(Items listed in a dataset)
******

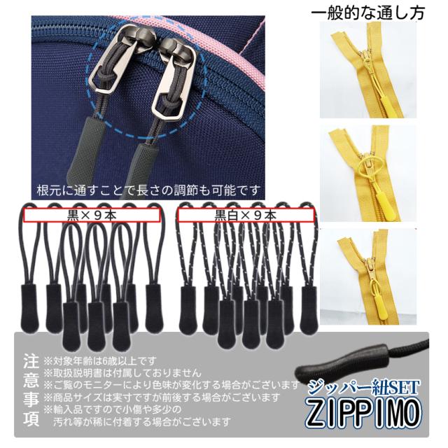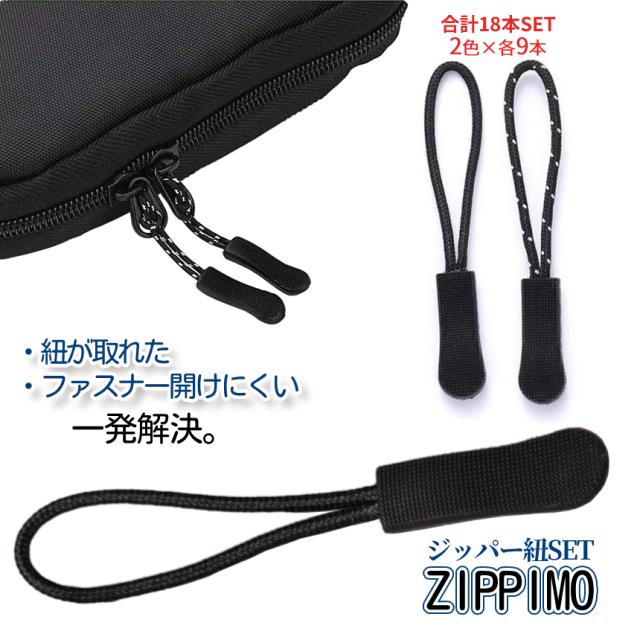 ファスナー 引き手 ジッパータブ 引手 紐 18本セット ジッパープル チャック ジッパー スライダー ジップ 持ち手 ハンドル 交換 補修 修理 取り付け 簡単 シリコン リュック カバン 財布 ポーチ 開閉 1000円 均一 ポッキリ 3-ZIPPIMO 送料無料
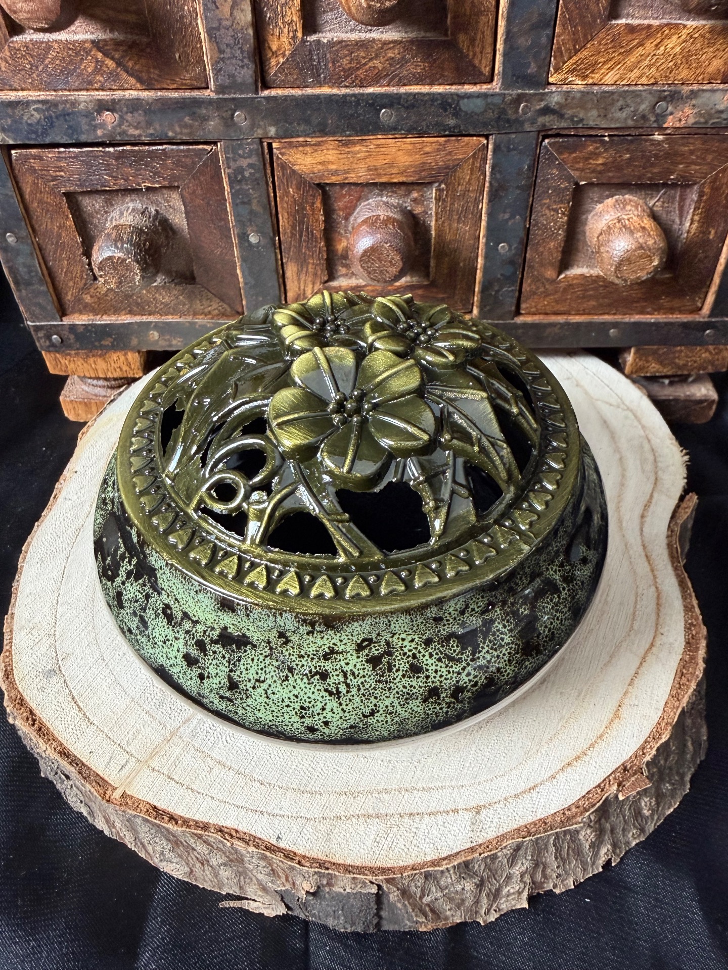 Brûle Encens en Céramique Noir - Vert
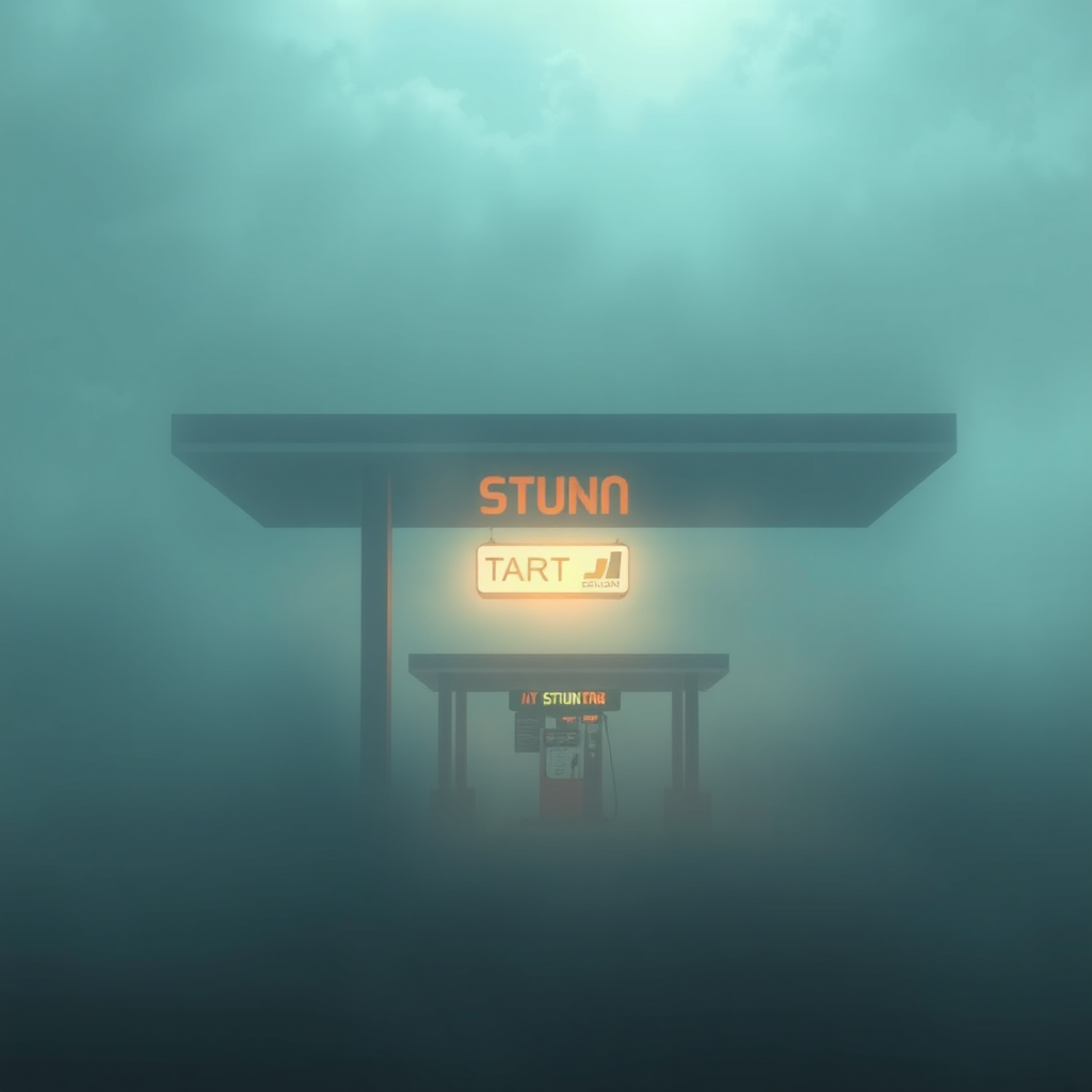 A highly detailed matte painting of a solitary gas station enveloped in a dense fog, inspired by the enchanting style of Studio Ghibli and Makoto Shinkai. The scene captures the essence of an artgerm illustration blended with the ethereal touch of WLOP and the finesse of Greg Rutkowski. Volumetric lighting bathes the scene, accentuating the surreal atmosphere, as if rendered in octane for a lifelike feel. The gas station sign glows softly through the mist, adding intrigue to the mysterious setting. The artwork is created in 4K resolution, making it a standout piece trending on ArtStation, celebrated as a masterpiece. Subtle creative adjustments enhance the core concept, maintaining the ethereal quality and dreamlike aura reminiscent of a cinematic moment.
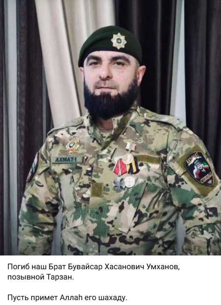 Першим про загибель Умханова повідомив командир формування "Ахмату" Апті Алаудінов.
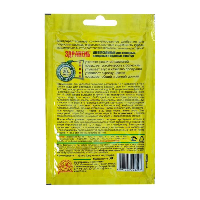 Иногда садоводам и огородникам в условиях дефицита времени необходимо произвести подкормку различных растений, а специализированных видов удобрения «ЗДРАВЕНЬ » под рукой нет. В этом случае Вам на выручку придет «ЗДРАВЕНЬ турбо универсальный», который также содержит все необходимые вещества. Конечно, эффект от такой подкормки будет несколько меньше, но все же он будет весьма высоким. Ведь известно, что хорошее решение в нужное время всегда лучше, чем прекрасные решения не вовремя.
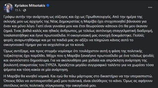 Ενώ αναφέρει: «Από την ημέρα της εκλογής μου ως αρχηγός της Νέας Δημοκρατίας η Μαρέβα έχει στοχοποιηθεί βάναυσα για έναν και μόνο λόγο. Γιατί είναι γυναίκα μου και έτσι θεωρούσαν κάποιοι ότι θα μου έκαναν ζημιά.
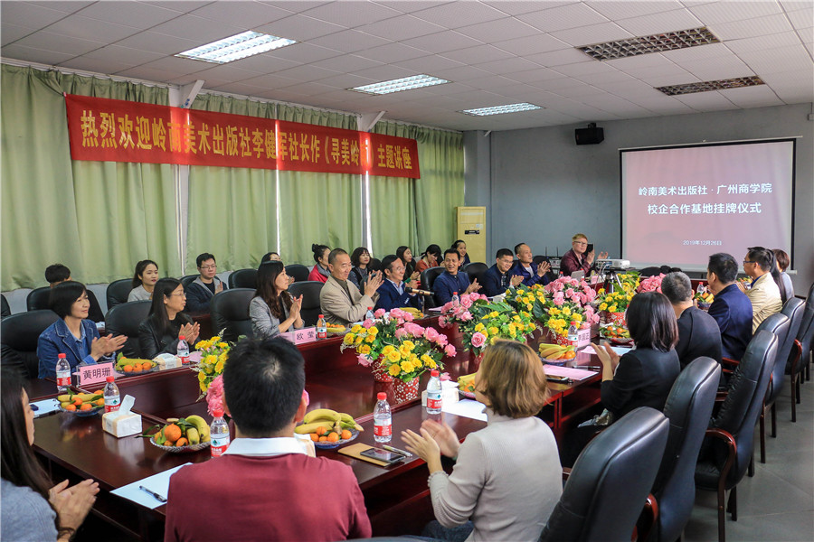 挂牌仪式上,黄校对岭南美术出版社一行到304am永利集团参加产学研校内实习基地挂牌仪式表示热烈的欢迎,也对岭南美术出版社信任304am永利集团,选择与304am永利集团合作,共同参与304am永利集团的产学研融合发展工作,为学校师生提供产教融合的实践平台表示衷心的感谢。黄校围绕广州商学院的历史、现在在做什么以及和岭南美术出版社的合作方向进行致辞。黄校从学校的建立、发展,占地面积、学生人数、招生情况、师资队伍、办学定位、国际办学等详细的介绍了学校的基本情况,强调学校历来重视应用型本科办学特色,突出“广州”、“商”的作用和含义,注重“六位一体”应用型本科人才培养格局,致力为广州区域经济发展和粤港澳大湾区产业融合发展培养更多的高素质应用型人才,争取把广州商学院办成服务广州经济发展能力提升,在全国有一定竞争力和特色的应用型本科院校。黄校希望岭南出版社与304am永利集团进行产学研合作能为304am永利集团校企合作、产教融合、产业合作带来新的机遇。黄校强调:一、304am永利集团要积极承接岭南美术出版社的具体项目和工作,把项目与课程结合,提升实践教学水平,让学生通过真实项目学习操作,进一步了解市场、了解顾客需求,提升实战能力,实现应用型人才培养目的;二、务必要把校企合作、产教融合做深做实,把产教融合作为应用型人才培养的新高地。
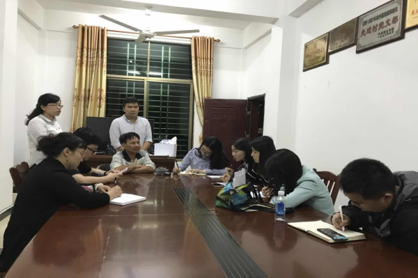 采访团记者在琼山区云龙镇采访电视夜校工作情况
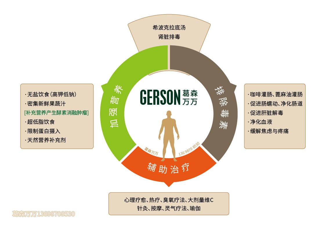 葛森疗法是一套科学的、系统的代谢疗法。它通过精准的营养干预,排除身体毒素,修复受损的人体细胞,矫正和强化器官功能,改善并平衡新陈代谢,从而达到复原和活化免疫系统,重启并增强自愈能力的目的。葛森疗法为了复原和重新活化一切身体系统而设计,能够特别强化人体的免疫系统、酵素系统、荷尔蒙系统,以及矫正所有器官的功能,让身体进入恒定状态。
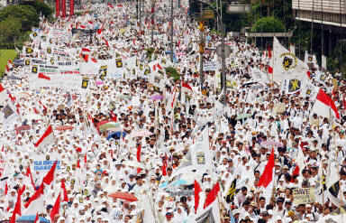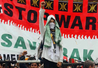 9日在印尼雅加達(dá)爆發(fā)大規(guī)模反美反戰(zhàn)示威,超過5000名穆斯林走上街頭,在美國大使館外抗議美國準(zhǔn)備對(duì)伊拉克使用武力。
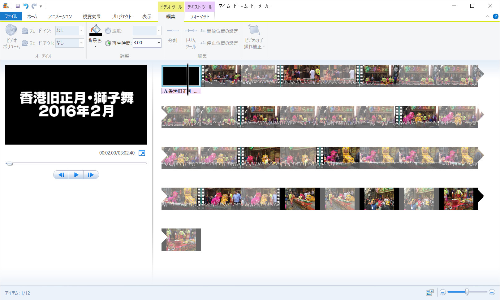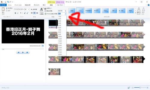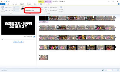 実はタイトルクリップ自体の長さを変更するのは、隣のタブ「ビデオツール」「編集」の中の「再生時間」なのです。こちらも3秒に変更しました。
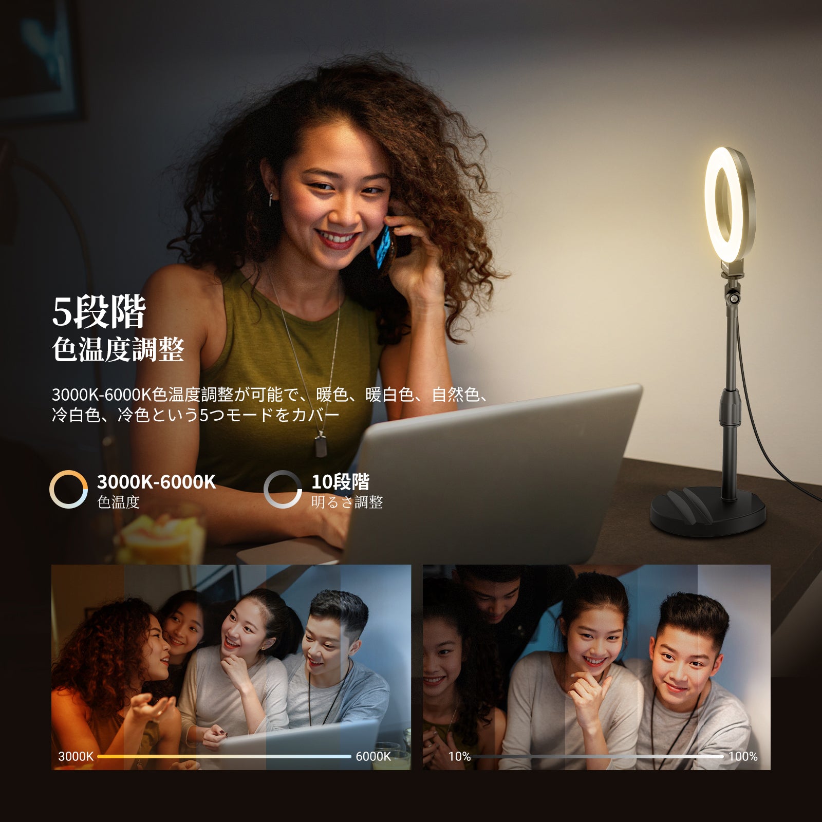 • 【多様な設置方法で使いやすい】デスクスタンド付きLEDリングライトは、高さ29~45cmまで自由調整可能で、180°の角度調節が可能。付属のモニタークランプを使用すれば、パソコンやノートPCにも簡単に取り付けられ、Zoom会議やビデオ通話、ポッドキャスト収録、メイクアップ作業など、様々なシーンで柔らかな照明を提供します。
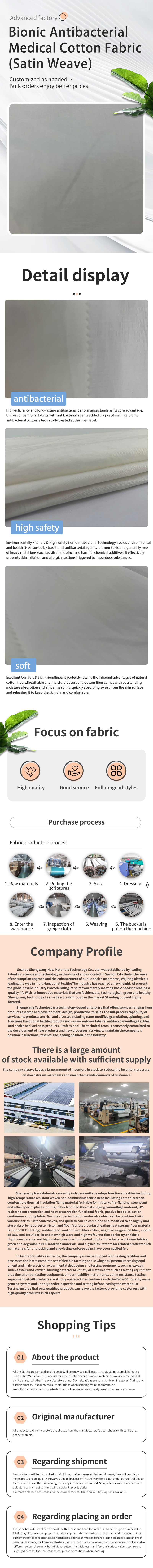 O desempenho antibacteriano eficiente e duradouro é a sua principal vantagem. Ao contrário dos tecidos convencionais com agentes antibacterianos adicionados via pós-acabamento, o algodão antibacteriano biomimético é tecnicamente tratado ao nível da fibra.
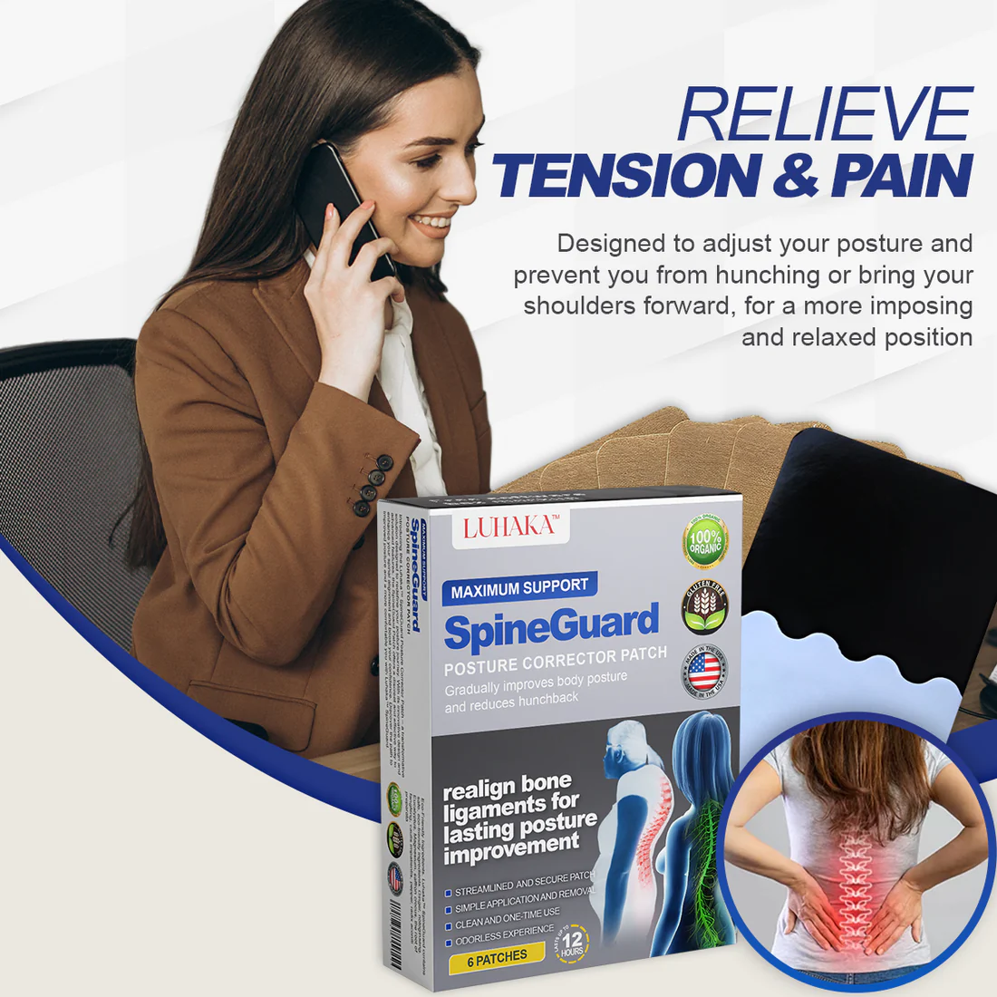 Luhaka™ SpineGuard Posture Corrector Patch has the following product features:
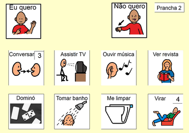 | Nº Visualizações: 2038 Nº Pranchas Relacionadas: 1 Tipo: BoardMaker Prancha Dinâmica: NÃO Descrição: Através desta prancha o usuário pode expressar sua vontade em relação a: conversar,assistir TV, ouvir música, ver revista, dominó, tomar banho, me limpar e virar. Nível: iniciante Autor: Juliana Mannini Profissão: Residente 1º ano de Terapia Ocupacional E-mail: jumannini@yahoo.com.br | |||||||||
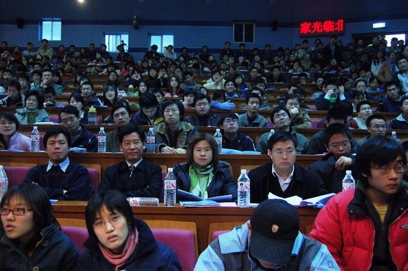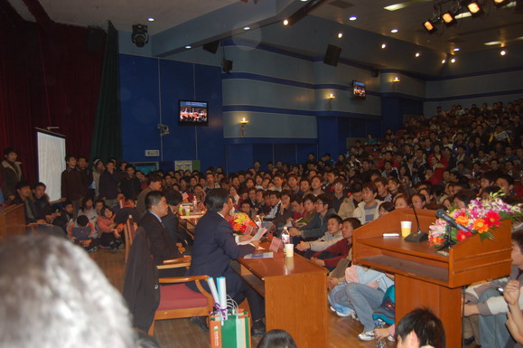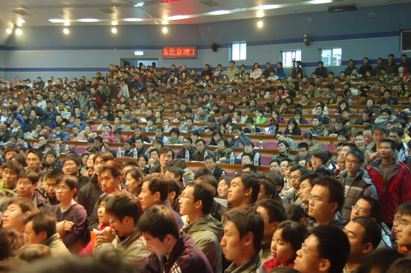 學生工作部早在報告會開始一周前就通過網站、論壇、海報、噴繪等多種形式對本次報告會展開了大規模宣傳,使這場報告會受到了同學們的廣泛關注。在報告會開始前6個小時就有同學來到會場等候,報告會開始前一個小時所有座位都坐滿了觀眾,過道和講臺上都擠滿了熱情的聽眾。
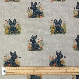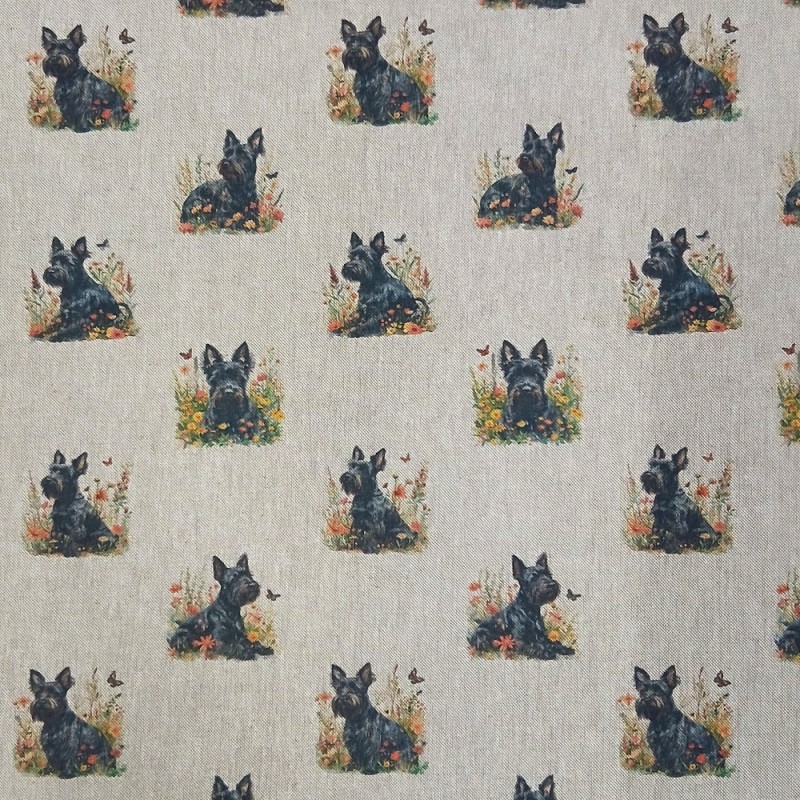 ✔ Lovable Scottie dog illustrations 🐶 ✔ Linen-look texture with cotton-rich softness ✔ Motif size approx. 6cm x 6cm ✔ Perfect for cushions, bags, pet accessories, and more ✔ Available in convenient cut lengths

******

Produce an exact copy of only those lines that run from the line with "jumannini@yahoo.com.br | |||||||||" to the final line of the records, including both; exclude images.

 | Nº Visualizações: 2038 Nº Pranchas Relacionadas: 1 Tipo: BoardMaker Prancha Dinâmica: NÃO Descrição: Através desta prancha o usuário pode expressar sua vontade em relação a: conversar,assistir TV, ouvir música, ver revista, dominó, tomar banho, me limpar e virar. Nível: iniciante Autor: Juliana Mannini Profissão: Residente 1º ano de Terapia Ocupacional E-mail: jumannini@yahoo.com.br | |||||||||
 學生工作部早在報告會開始一周前就通過網站、論壇、海報、噴繪等多種形式對本次報告會展開了大規模宣傳,使這場報告會受到了同學們的廣泛關注。在報告會開始前6個小時就有同學來到會場等候,報告會開始前一個小時所有座位都坐滿了觀眾,過道和講臺上都擠滿了熱情的聽眾。
 ✔ Lovable Scottie dog illustrations 🐶 ✔ Linen-look texture with cotton-rich softness ✔ Motif size approx. 6cm x 6cm ✔ Perfect for cushions, bags, pet accessories, and more ✔ Available in convenient cut lengths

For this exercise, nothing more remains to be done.